Dim Sum Diaries

Lost In The Wilderness...


The State Department is a huge labyrinth of offices. All of the hallways are stark white and look disconcertingly similar. I spent a half hour every morning for a week meandering around until I located my office. This annoyance aside, everyone in my department was friendly and helpful. I enthusiastically got to work researching and writing fact sheets about our many projects concerning economic reform in the former Soviet Union. When I was on the phone with my boyfriend, I blathered endlessly about how great everything was there. "Oh my god Jeff," I gushed, "the Caesar Salad at the State Department cafeteria is the shit!"

Apart from the internship, I was enlisted in a study program (which was in no way associated with any government institution) run by a coalition of conservative Protestants.

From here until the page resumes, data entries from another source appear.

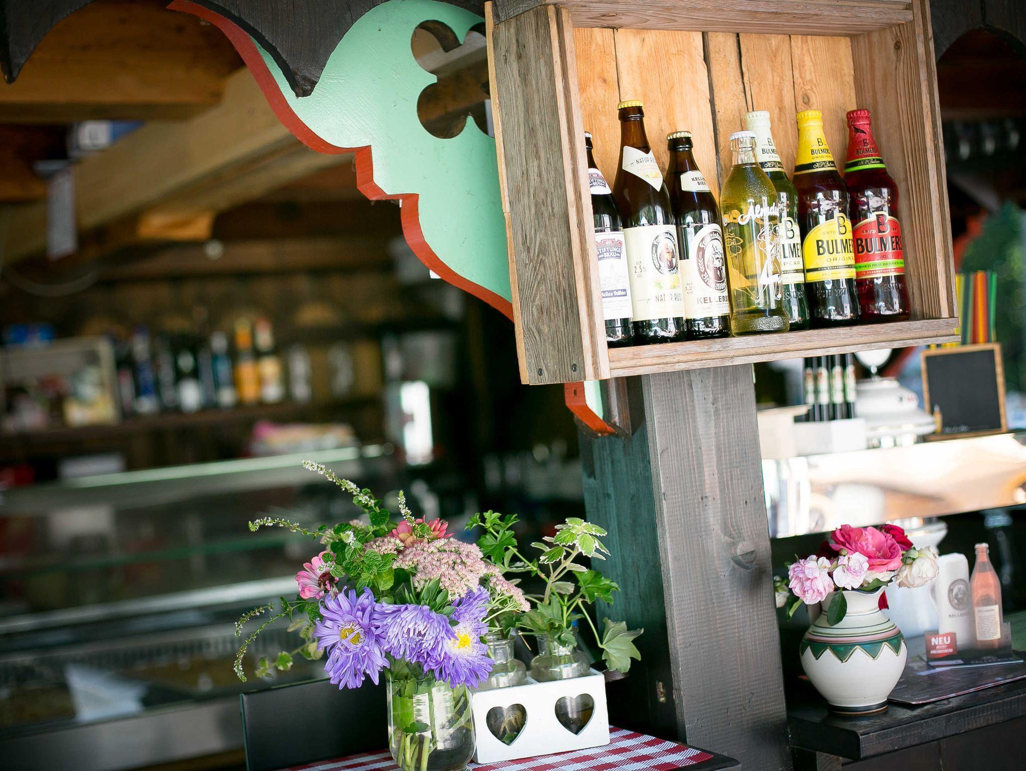 Zimmer mit Doppelbett, Babybett optional aufstellbar. Blick auf Biergarten und Wald.
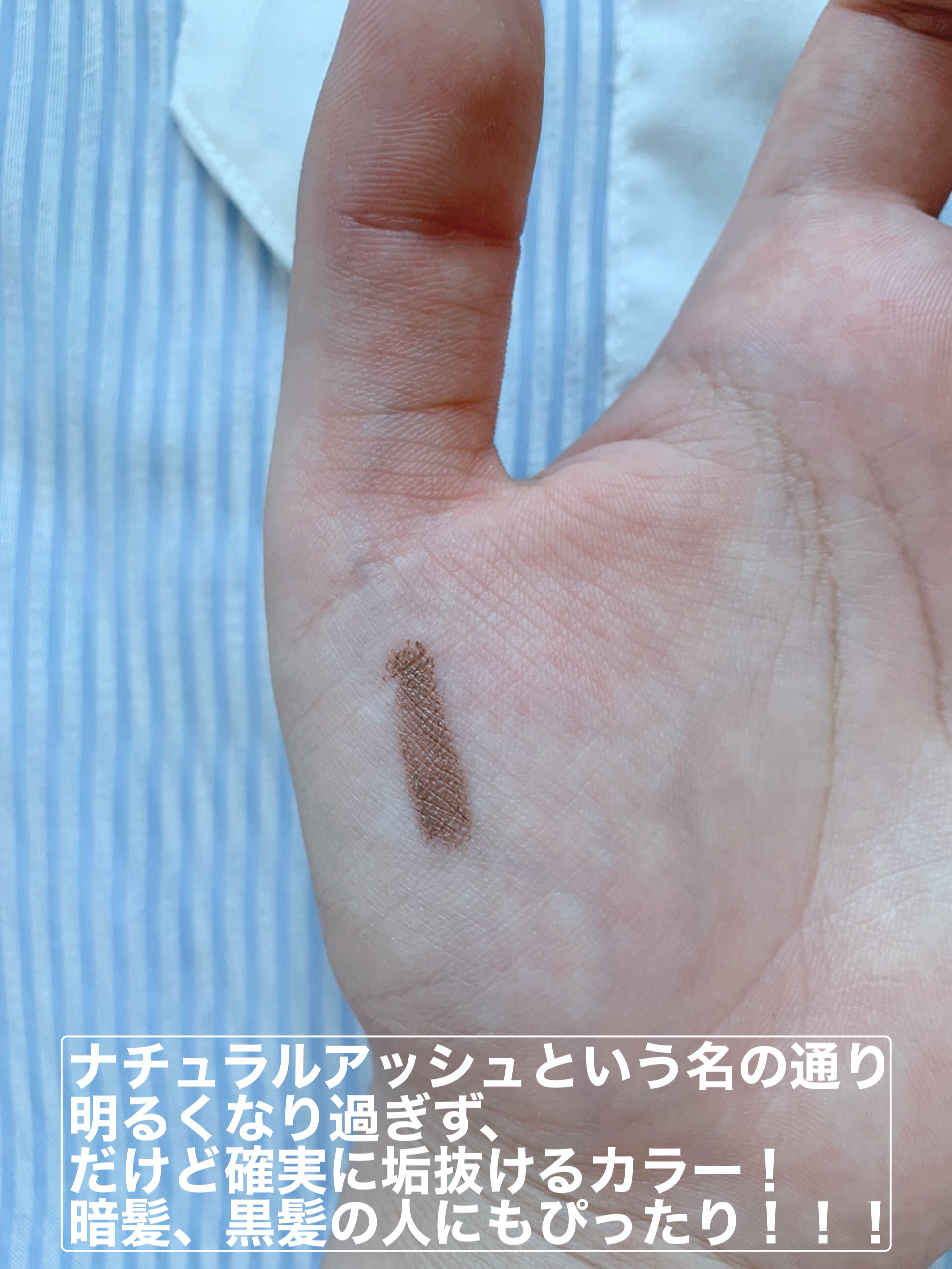 このカラーはナチュラルアッシュといいますが、普通のアッシュよりも暗めで黒髪の垢抜けカラーだと思います! 私の黒い眉でも1度塗りで色が変わってくれました! 色素が薄くなりますが黒髪との相性が抜群なんです🫧
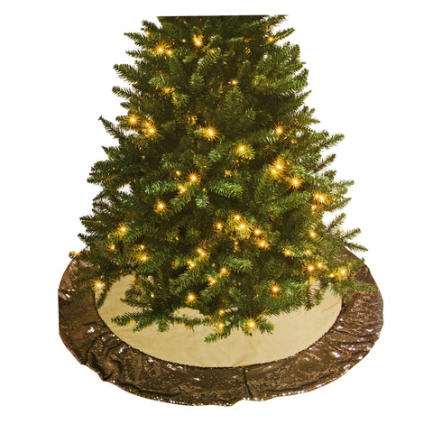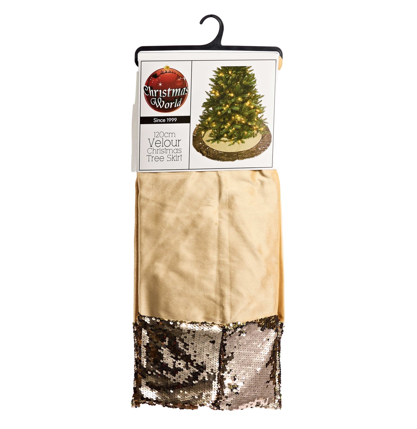 Dress your tree to impress this Christmas. Add a luxe look with the Gold Velour and Sequin Tree Skirt.
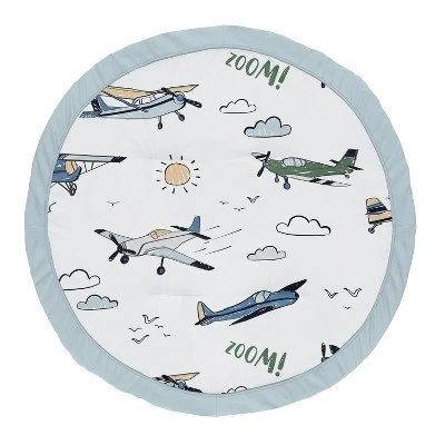 Airplane Green and Blue Collection Play Mats by Sweet Jojo Designs make tummy time and child development stylish and fun. Made with soft fabrics and fluffy fill, this multi-functional mat is small enough to take on the go. These adorable playmats will transform any room into the perfect play space. Great for vacations, playdates, beach outings, and everyday use at home. Always be aware of baby’s surroundings and keep an eye on baby while in use. Not intended for sleep. Sweet Jojo Designs creates various coordinating room accessories and decor for all of their children’s bedding and nursery bedding set collections (These items not included). Playmat is designed using a grey, yellow, green, gray, white and blue vintage airplanes transportation air plane clouds sun sky aviator aviation airplane print and finished with slate blue piping and border – Brushed Microfiber
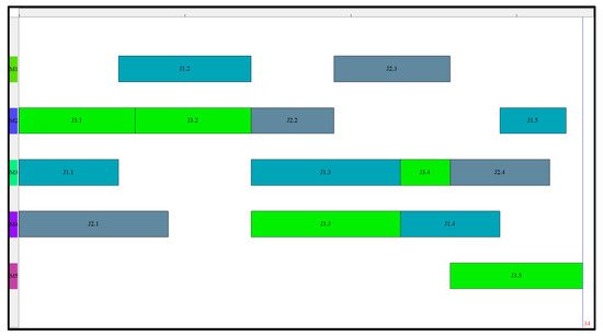 The fourth layer is in charge of sequential decoding. Using the decoding information from the first three layers, the active scheduling decoding method is used to create the final decoded Gantt chart shown in Figure 3.
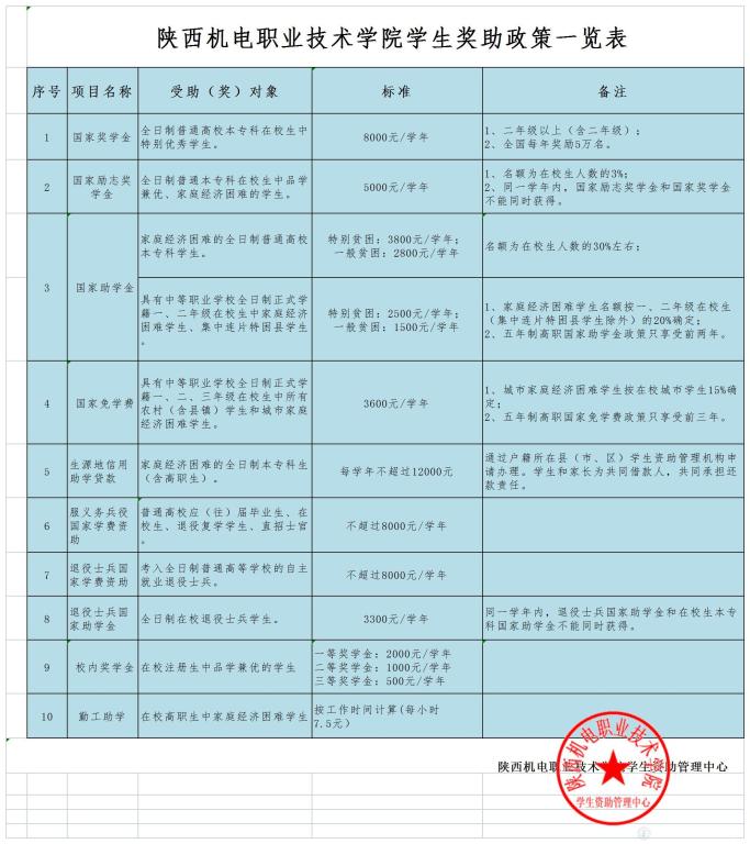 今年会学生奖助政策一览表(2023年)
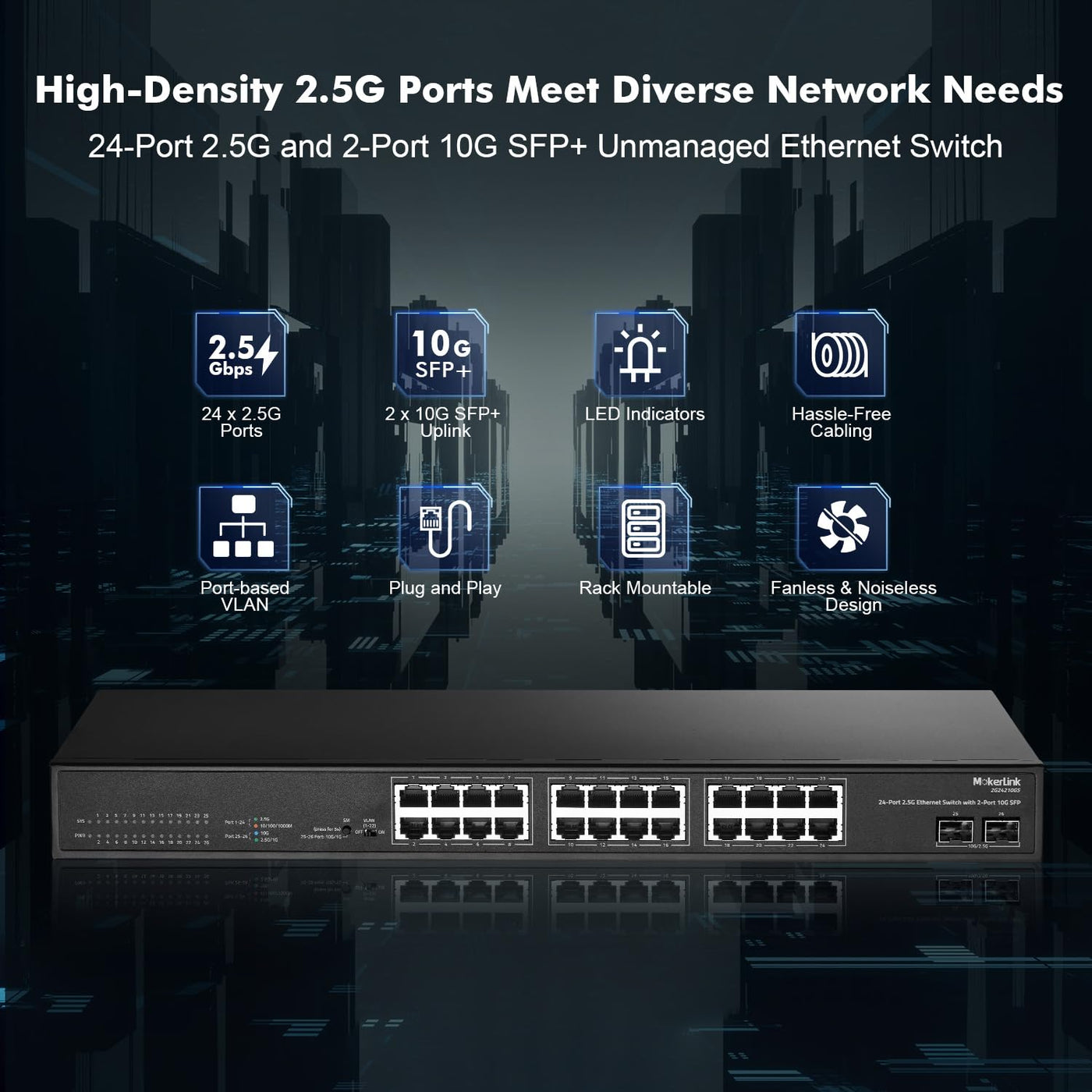 Mokerlink 24 Port 2.5G Ethernet Switch With 2X10G Sfp, 24 X 2.5G Base-T Ports Compatible With 10/100/1000Mbps, Metal Unmanaged Fanless Network Switch

They offered classes in foreign and domestic policy with an emphasis on social justice. The premise sounded reasonable enough. I shared a one-bedroom apartment with three other girls from the program. Hopes of a close friendship with my roommates were quickly dashed when two of them recorded our apartment answering machine message as, "Hello, you have reached the home of the last two American virgins..."

In the foreign policy class, Cyndi (the instructor) directed us to write a paper regarding a relevant foreign policy issue. "I want biblical analysis in this essay, people!" she barked emphatically. This essay would be a cakewalk, I thought. All the research I had done at work would come in handy. It was certainly relevant. In fact, my boss had already commented on what a great job I had done writing the fact sheets. I focused on the plight of Kazakhstan, including much of the verbiage from my research. But I still had to incorporate some biblical principles analysis. But there were so many to choose from! I took out my bible and decided that any page I opened at random must surely have something of value...which turned out to be the book of Leviticus. Ah, the Jubilee principle! Essentially my "analysis" was: like the Israelites, Kazakhstan had been going through the wilderness (by not being a democracy). However, if they embraced the biblical principle of Jubilee, that is, social renewal and a turn towards Christianity, they should move successfully towards democratization. I hoped Cyndi wouldn't take my biblical analysis too seriously. The nation of Kazakhstan was 44% Muslim and 43% Russian-Orthodox. What were the chances of the entire nation of Kazakhstan embracing evangelical Christianity in my lifetime?

I turned my essay in. A few days later, my essay was returned with a less then ideal grade. By the jubilee section, Cyndi had scribbled "Excellent!". In the section where I discussed political and economic reform she had written, "Not enough biblical analysis."

"How did you do?" asked my friend Deanna. She was one of the few people I bonded with there.

"Not that great," I said disconsolately. "If my boss at USAID read this, she'd laugh her ass off."

I was angry. Yet the irony of the situation was almost laughable. Superficial judgments couched in religious jargon merited praise whereas serious analysis seemed to be glossed over. Yet Cyndi kept insisting we write our essays as if we were a think tank someone took seriously. As much as I loved my internship and Washington D.C. itself, I began to harbor a growing sense of resentment.